High-risk AI medical devices, that is, those that are AI or contain AI as a safety component, will need to meet stringent requirements to be allowed on the EU market. These focus heavily on cybersecurity, transparency, and include extensive testing, technical documentation, transparency, human oversight, risk management and quality management. High-risk AI systems must meet the following criteria:
- A continuously adjustable risk management system
- Training data requirements: For instance, Article 10 demands quality standards for training data, such as selection without bias. Other guidelines address preparation and labeling.
- Technical documentation: SMEs and startups benefit from facilitations and simplified technical documentation.
- Record Keeping: High-risk AI systems must technically enable the automatic recording of events (‘logs’) over their lifetime.
- Transparency and provision of information to deployers
- Human oversight: High-risk AI systems must be designed and developed to enable effective oversight by people during their use.
- Accuracy, robustness, and cybersecurity: High-risk AI systems must be designed and developed to ensure an appropriate level of accuracy, robustness, and cybersecurity, performing consistently throughout their lifecycle.
- Labeling: High-risk AI systems or, if not possible, their packaging or accompanying documentation must indicate their name, registered trade name or trademark, and a contact address.
- Quality Management System: A compliant quality management system as required by Article 17.
To enter the EU market, products must demonstrate:
- A Declaration of Conformity
- CE Marking
- Registration
After market entry, products must be monitored through Post-Market Surveillance, with incidents reported and addressed as required.
Conformity Assessment Procedure
As already known from the MDR and IVDR, manufacturers of AI systems must undergo a Conformity Assessment before market introduction. This process evaluates the medical device’s compliance as a whole under MDR and IVDR and also the AI component under the AI Act. As the requirements for high-risk AI products in the MDR/IVDR and the AI Act overlap, it’s planned that the conformity assessment of AI medical devices under the MDR/IVDR and the AI Act will be carried out by the same Notified Body. This arrangement aims to streamline the process for manufacturers and other stakeholders. However, it’s contingent on Notified Bodies having the requisite expertise and personnel.
When do the AI Act’s provisions apply?
First, the AI Act awaits formal endorsement by EU countries, expected in May 2024. Following publication in the Official Journal of the EU, the regulation enters into force 20 days later (Article 113). However, manufacturers, importers, etc., need not comply immediately with all provisions. Most AI Act provisions become mandatory 24 months after coming into force. Nevertheless, Chapters 1-2 (General Provisions and Prohibited Practices) will apply just 6 months after the AI Act comes into force.

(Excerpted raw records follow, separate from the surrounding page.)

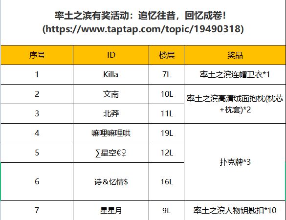 周年庆活动已顺利结束,感谢各位大人的参与,让我们恭喜以下幸运玩家获得奖励! 1.率土之滨有奖活动:追忆往昔,回忆成卷! 2.有奖活动:邀各位主公共商内政,分享政策系统体验与心得! 【发奖流程&注意事项】请获奖的玩家在7个工作日内按照本账号回复的内容提供以下信息 活动名称: 姓名: 电话: 地址: 中奖评论界面截图: 如有问题可随时咨询该QQ:392924021。 即日起至2021年11月26日截止
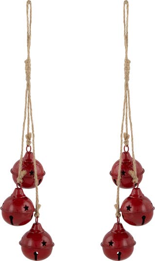 Enhance your holiday decor with this delightful set of Christmas jingle bell ornaments. Featuring a shiny finish, these bells come in a festive red hue. Suspended on a jute rope, they add a rustic yet vibrant touch to any space. Perfect for hanging on Christmas trees, these jingle bells will bring joyous cheer to your home this season. Features: Christmas jingle bell ornaments Set of 2 in a shiny red finish Each has 3 jingle bells Designed with star cutouts Ready to hang on a jute rope Display together or separately on doors and Christmas trees Indoor use recommended Dimensions: 13.5"H x 3"W x 2"D Material(s): metal/jute
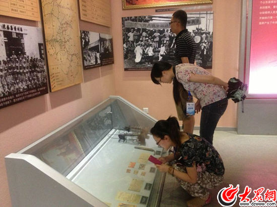 19日,“聚焦美麗山東-第九屆中國網(wǎng)絡(luò)媒體山東行”南線采訪團(tuán)來到了莒南八路軍115師司令部中共山東分局、山東省政府誕生地。圖為媒體記者在觀看革命年代留下的珍貴資料。(大眾網(wǎng)記者 李兆輝攝)
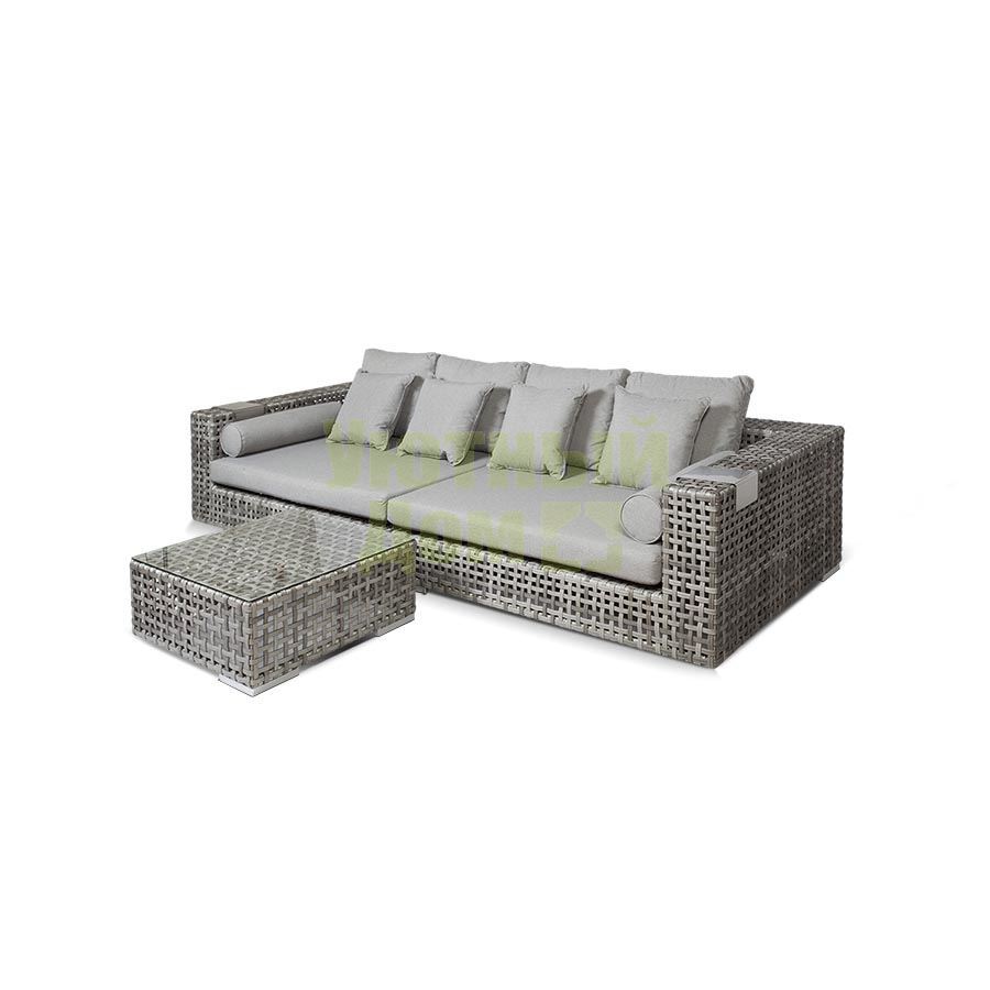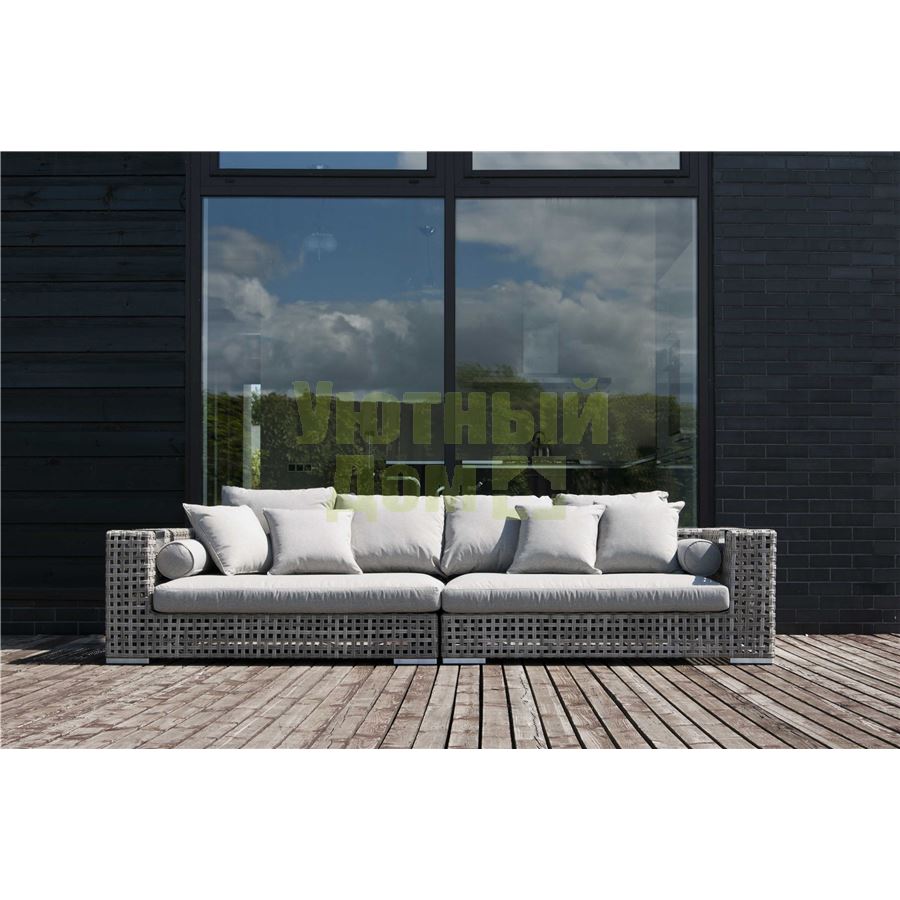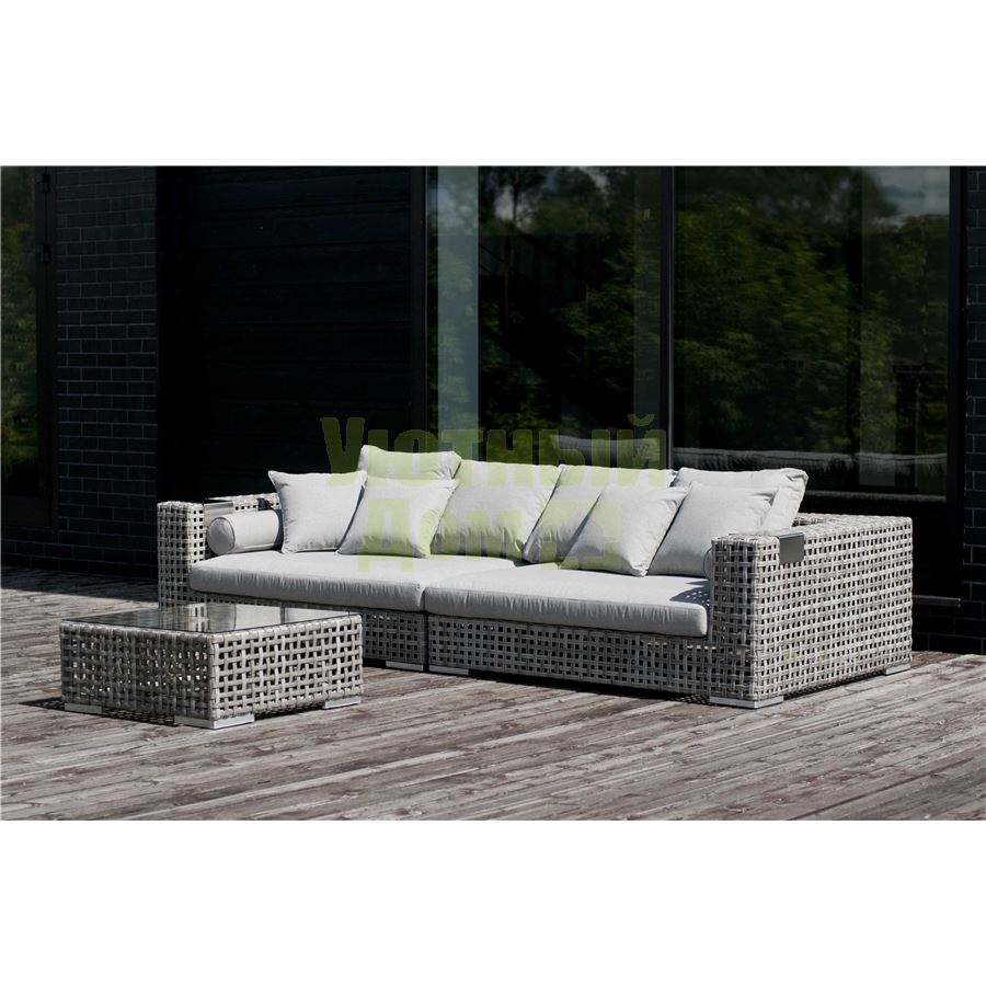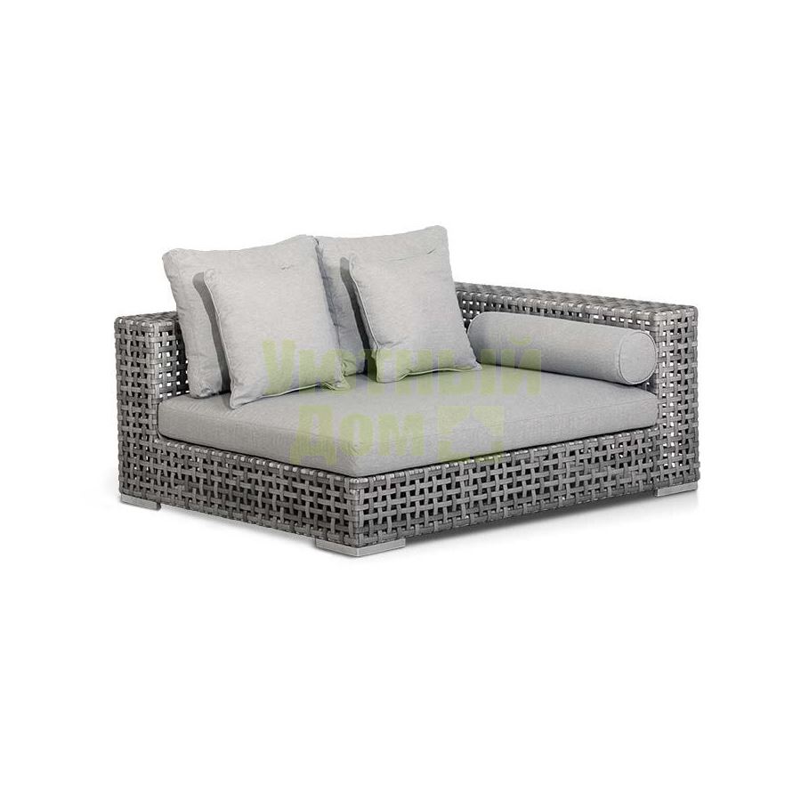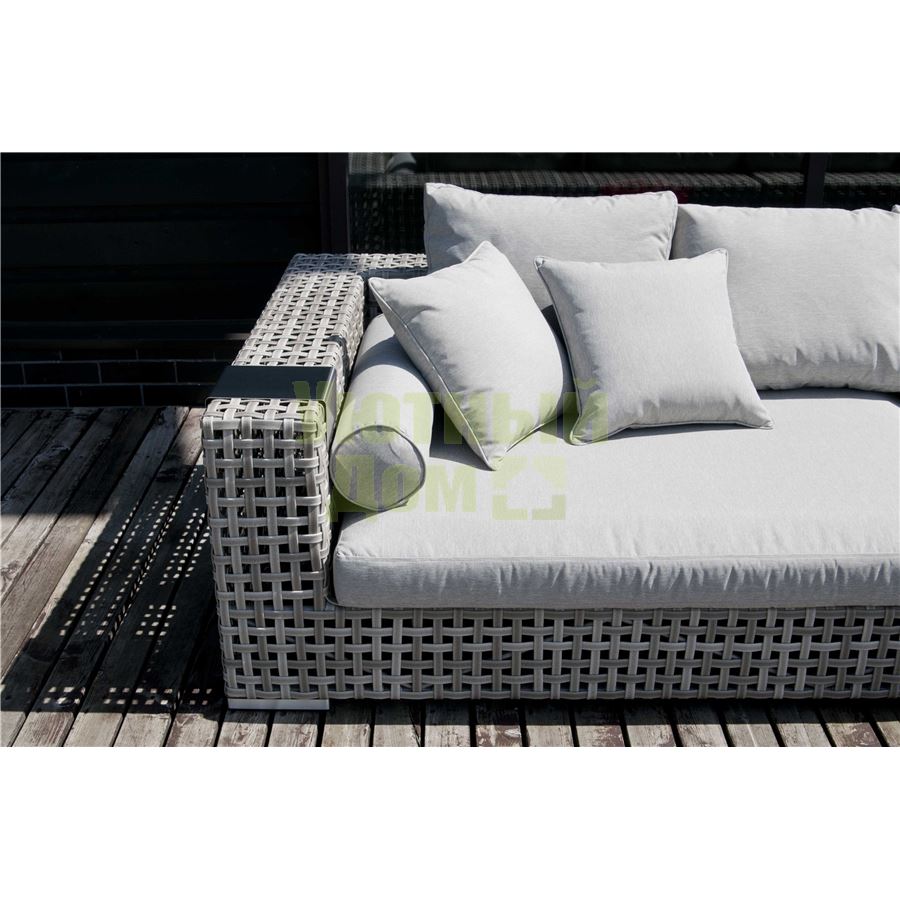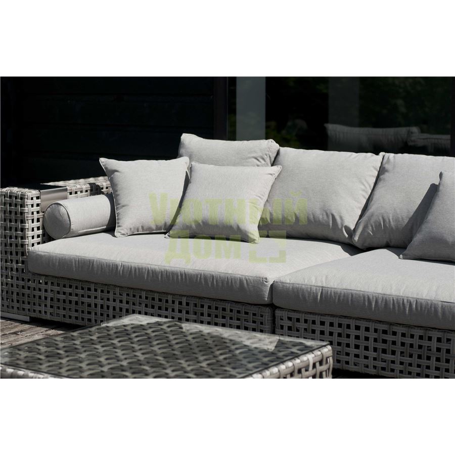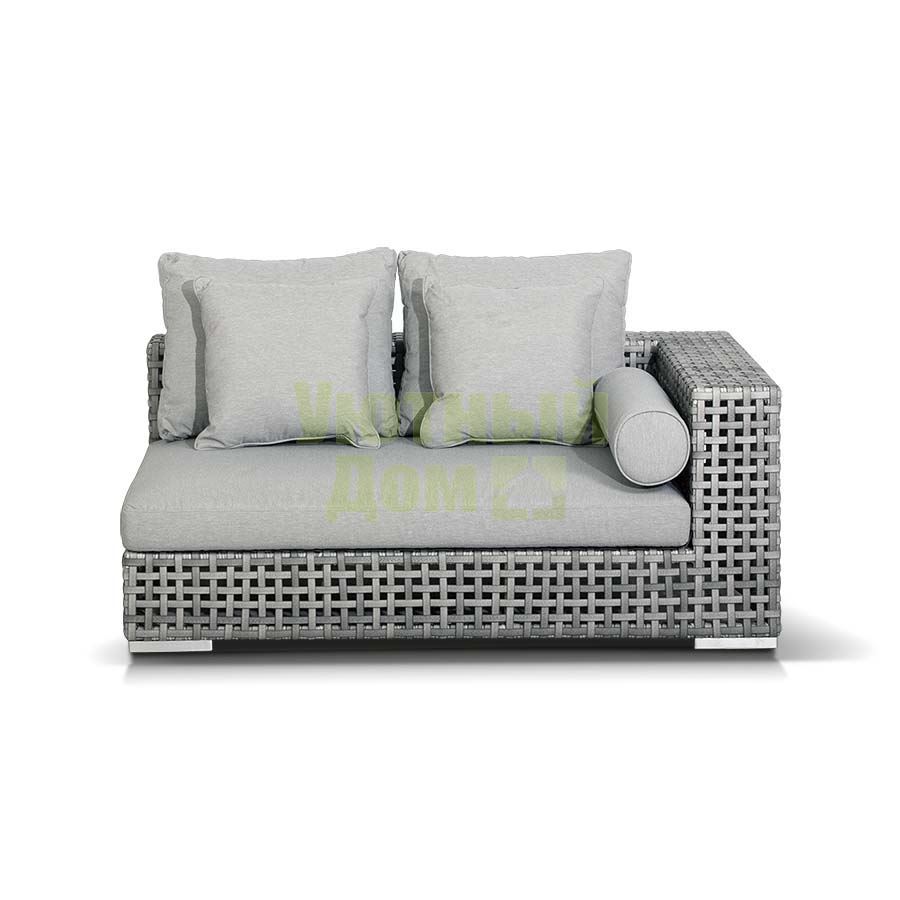 "Канти" , модуль угловой левый в комплекте с подушками, алюминиевый каркас, плоский искусственный ротанг, ручное плетение размеры 1530x1210x610, цвет серый
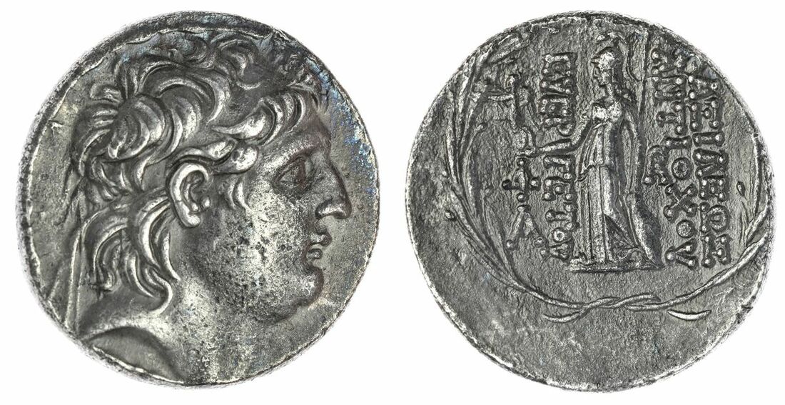 Seleukid Kingdom of Syria, Antiochos VII (178-129 BC) AR Tetradrachm, Antioch-on-the-Orontes, diademed head right rev. Athena Nikephoros standing left, resting hand on shield and propping spear on her arm, mint monogram above A to inner left, AP monogram to right, all within wreath, 16.05g, (SC, 2061.4d) detailed strike, attractive lustre, reverse above centre but otherwise good very fine
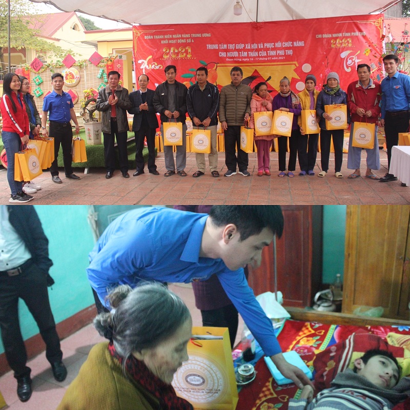 Đoàn thanh niên khối hoạt động số 4 Ngân hàng Trung Ương đến thăm, tặng quà đối tượng nhân dịp Tết Nguyên đán.
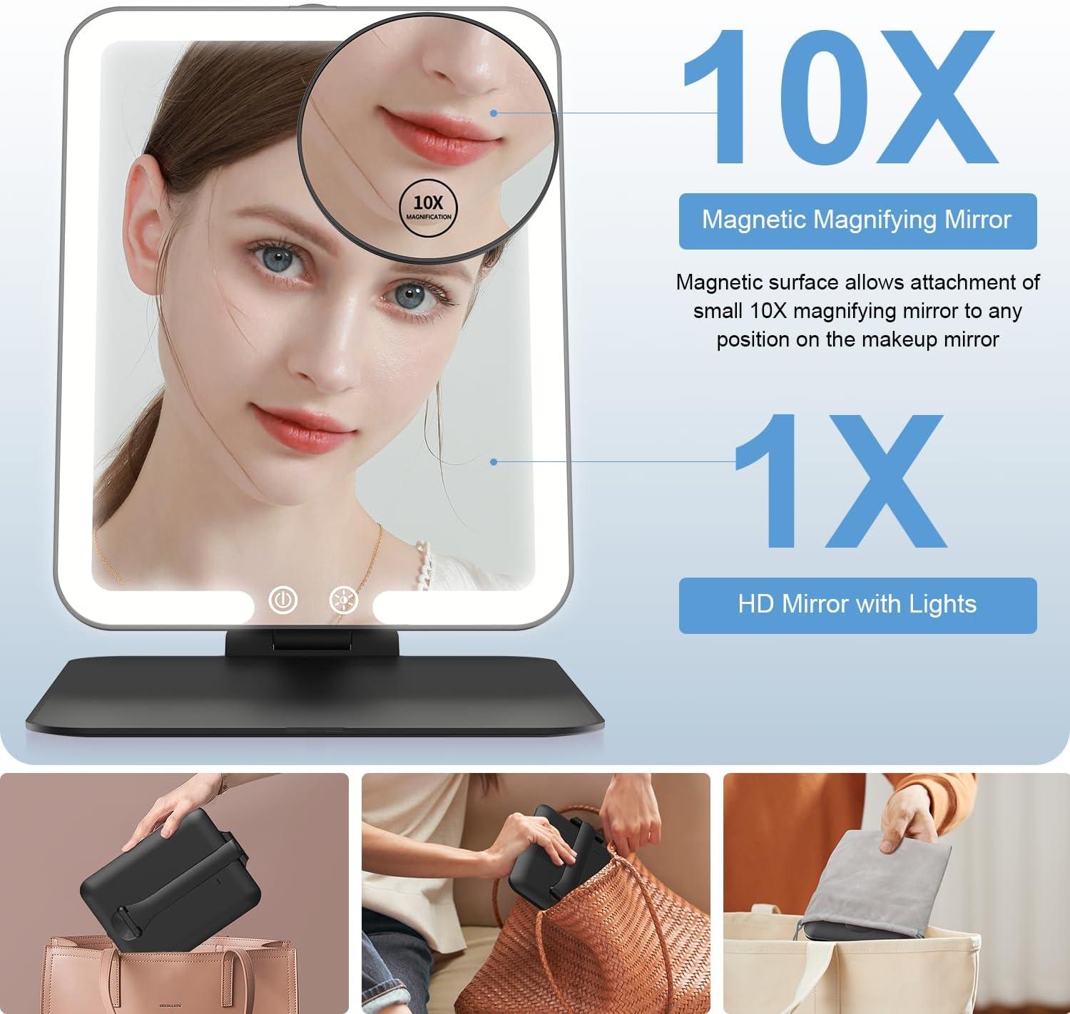 【1X/Detachable 10X Magnetic Magnifying Mirror】The 1X magnifying mirror is perfect for overall observation, while the 10X magnifying mirror makes tasks like applying mascara or inserting contact lenses precise and easy. The detachable 10X magnetic magnifying mirror can be used separately as a portable mirror for your convenience while out and about
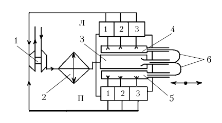 Рис. 6. Схема системы впуска двухблочного дизельного двигателя с волновым наддувом: 1 – турбокомпрессор; 2 – холодильник наддувочного воздуха; 3 – ресивер; 4 – резонатор левого (Л) блока цилиндров; 5 – резонатор правого (П) блока цилиндров; 6 – телескопические колена волновых трубопроводов
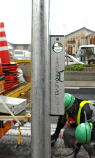 支柱が真っ直ぐなのか確かめるために水平器という道具を使います(^^)

AI systems on the market by then will have transition periods to comply with the new regulations, ranging from 24 to 36 months.
Conclusion
The AI Act represents a monumental step in global AI legislation. While it may seem like an additional burden for many innovators wishing to bring their products to market, it’s essential to remember that similar laws will likely be introduced elsewhere. Compliance with the AI Act now could offer a competitive advantage in future markets. The Act has been both praised and criticized, but its final form appears to offer sufficient flexibility for research and innovation. The real challenge will be its implementation, considering the complexities seen with the MDR and IVDR. Nonetheless, this legislative step is undeniably significant.